Building with Dagster vs Airflow

March 4, 2025
Building with Dagster vs Airflow
Building with Dagster vs Airflow

Rebuilding Airflow's tutorial in Dagster

Dagster took a lot of lessons from Airflow and tried to make the process of developing and maintaining data applications much easier. You can build some really interesting things in Dagster (feel free to look through our [examples](https://docs.dagster.io/examples/)), but to showcase some of the differences in building with Dagster vs Airflow, it might be best to use a simple example.
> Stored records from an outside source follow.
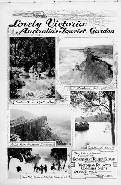 Through the twentieth century Victorian Railways produced a diverse range of tourist posters to be displayed in stations and on train service. In addition to promoting tourism within Victoria in general, Victorian Railways also owned and operated several tourist destinations – including the popular Chalet at Mt Buffalo National Park.
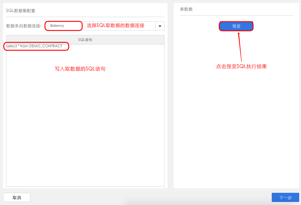 注:FineBI中sql语句和FineReport相同,都是遵循数据库语法,但是和FineReport不同的是,FineBI的FineIndex引擎不支持sql数据中含有参数。SQL数据集应用场景:
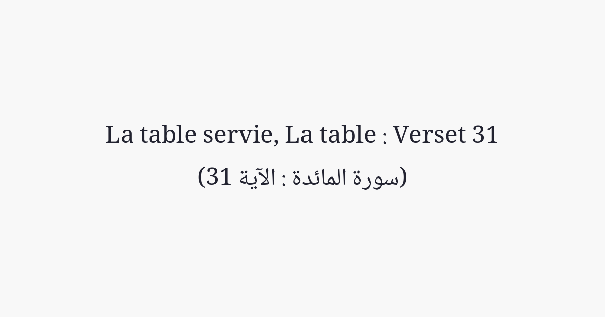 Puis Allah envoya un corbeau qui se mit à gratter la terre pour lui montrer comment ensevelir le cadavre de son frère. Il dit: «Malheur à moi! Suis-je incapable d'être, comme ce corbeau, à même d'ensevelir le cadavre de mon frère?» Il devint alors du nombre de ceux que ronge le remords.
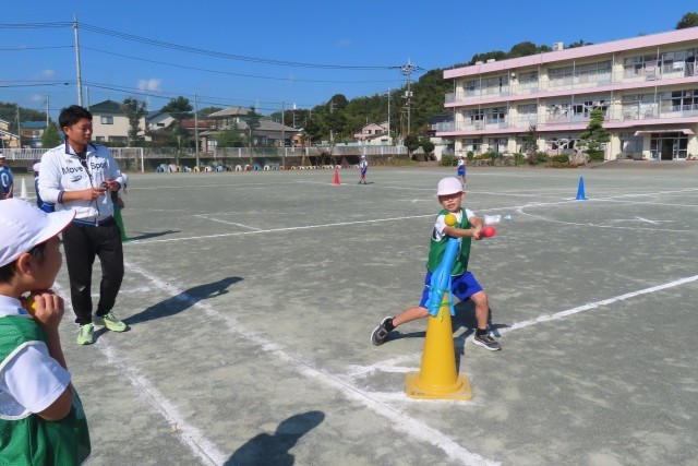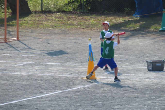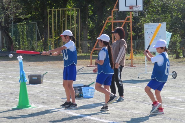 ティーボールの学習が始まりました。今日はいつも一緒の3年生がバス旅行のため、4年生のみの学習です。きっと今日練習して得た技術は、来週以降、3年生にしっかり、優しく、教えてあげよう!と思っている4年生だと思います。そして元気な声が聞こえてきますが、一つ一つの言葉に温かみがある4年生。友達を励ますことば、これからボールを打つことをみんなに知らせることば、打っていいよ(がんばって!)と構えることば、まかせてね!と友達が安心できることば等。4年生らしい学習の様子です。
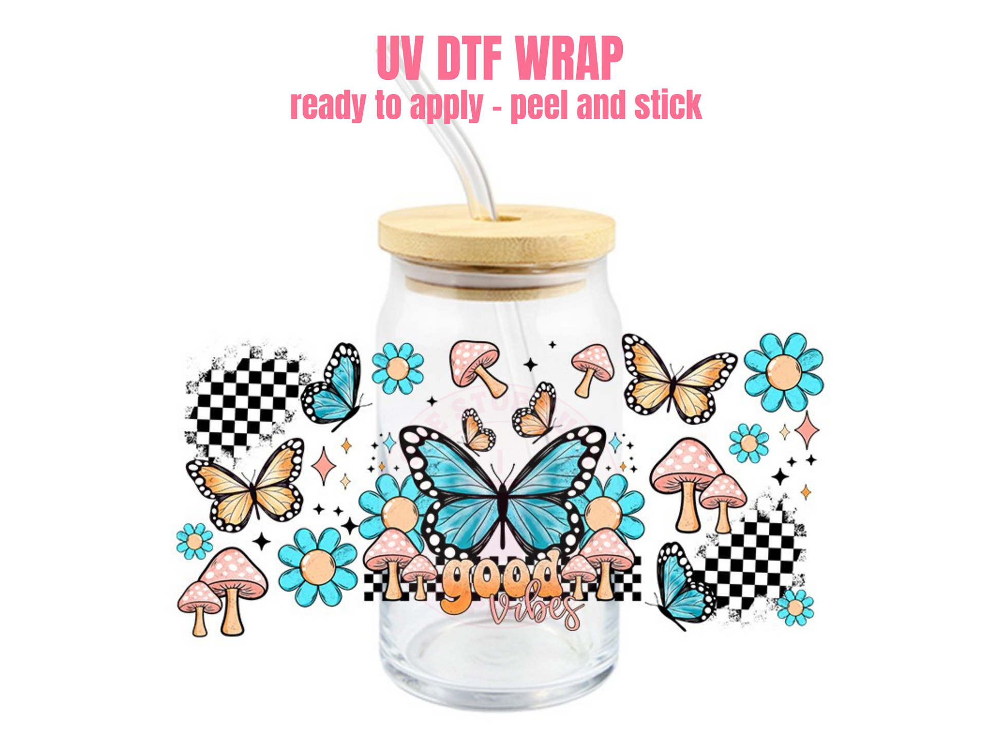 This listing is for one (1) UV DTF adhesive cup wrap for a 16oz Glass Cup size.

We will build [Airflow’s introductory tutorial](https://airflow.apache.org/docs/apache-airflow/stable/tutorial/fundamentals.html) in Dagster. As we work through this tutorial, we will point out some of the differences in how to develop around Dagster and how to think about data tasks. By the end of this you should see how Dagster can help get you building.## Pipeline Initialization### AirflowThe first step in the Airflow tutorial is to initialize a DAG. Airflow pipelines are constructed at the task level and arranged into  DAGs. An Airflow deployment will consist of a number of DAGs and every task must be associated with a DAG:        

from airflow.models.dag import DAG

with DAG(
    "tutorial",
    # These args will get passed on to each operator
    # You can override them on a per-task basis during operator initialization
    default_args={
        "depends_on_past": False,
        "email": ["airflow@example.com"],
        "email_on_failure": False,
        "email_on_retry": False,
        "retries": 1,
        "retry_delay": timedelta(minutes=5),
        # 'queue': 'bash_queue',
        # 'pool': 'backfill',
        # 'priority_weight': 10,
        # 'end_date': datetime(2016, 1, 1),
        # 'wait_for_downstream': False,
        # 'sla': timedelta(hours=2),
        # 'execution_timeout': timedelta(seconds=300),
        # 'on_failure_callback': some_function, # or list of functions
        # 'on_success_callback': some_other_function, # or list of functions
        # 'on_retry_callback': another_function, # or list of functions
        # 'sla_miss_callback': yet_another_function, # or list of functions
        # 'on_skipped_callback': another_function, #or list of functions
        # 'trigger_rule': 'all_success'
    },
    description="A simple tutorial DAG",
    schedule=timedelta(days=1),
    start_date=datetime(2021, 1, 1),
    catchup=False,
    tags=["example"],
) as dag:

Dagster

Dagster does not require a DAG or any higher level abstraction. Instead of focusing on unique DAGs and their tasks, Dagster views everything as an asset.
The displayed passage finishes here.